SB20-207 will provide short-term relief to businesses in exchange for much needed long-term fixes to the taxable wage base.
- In the short term, the state will delay the implementation of a solvency surcharge for two years. This surcharge is triggered whenever the UITF becomes insolvent and is required to borrow from the federal government. This will help businesses to recover in the coming years.
- Gradually over the next six years the taxable wage base will increase to $30,600. Most of the increases will occur in later years, providing an opportunity for the economy to recover while also ensuring Colorado is on a long-term plan to solvency.
These changes are extremely important for both solvency and future business costs.
- In order to pay for current UI claims, Colorado will have to borrow from the federal government. While these loans are interest free until December 31st, based upon current opposition in the Republican-held Senate, these loans will start to accrue interest after that point. As demonstrated in the graph above, this borrowing with interest will extend Colorado’s insolvency for possibly a decade if we do not make SB20-207’s long-term reforms.
- If Colorado has not paid back federal loans within two years, the federal unemployment tax for businesses in Colorado doubles and increases by that same amount for every year the loans have not been repaid. By 2027, Colorado businesses could be paying five times their current federal unemployment insurance taxes as well as a solvency surcharge that would be needed just to pay off existing loans.
- Insolvency could also lead to calls for reduced benefits, reduced eligibility, and an inability to invest in strong programs such as training.
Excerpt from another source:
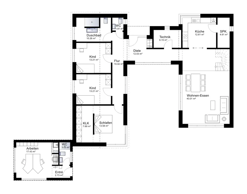 Zweigeteilter Grundriss für klare Struktur und Lebensqualität

Colorado could be approaching a situation in which businesses are paying high rates to a less effective program.
Ensures Workers Have the Right to Return to a Healthy Workplace
Unfortunately, returning to work may not be an option for some Coloradans, as COVID-19 has wreaked havoc within their families, requiring them to care for a family member or a child who can no longer attend school. The risks of COVID-19 may also require many Coloradans to stay home and make them unavailable to return to work.
SB20-207 would further clarify the allowable reasons for quitting or not returning to a job during a public health emergency, while still receiving UI. These additional reasons will include situations where an individual needs to care for a sick or quarantined family member or for a child whose school is closed due to a public health emergency. It also ensures “vulnerable individuals” can stay on UI while they are unable to work. The expansion of “good cause” will allow these Coloradans the opportunity to stay on UI while they try to recover themselves.
Assistance in Helping Businesses to Maintain Employees & Incentivizing Acceptance of Work
It’s promising many Colorado businesses are beginning to reopen and take the needed steps to restart the economy. As our state takes these steps, many employees may see reduced hours, perhaps reduced pay, or a need to take different jobs. SB20-207 helps with these potential problems:
- Expands the Work Share Program, which allows employers to use UI benefits to compensate employees for lost hours rather than having to lay off employees.
- Incentivizes individuals to Work and Accept Employment Opportunities by raising the earnings disregard from 25 percent to 50 percent of an individual’s weekly benefit amount for both full and partial unemployment.
SB20-207 is a Smart Compromise
Colorado can not afford to further damage our economy by putting workers at risk, risking long-term insolvency to our Unemployment Insurance Trust Fund, and burdening businesses in the short term. SB20-207 makes needed compromises and long-term reforms at the same time.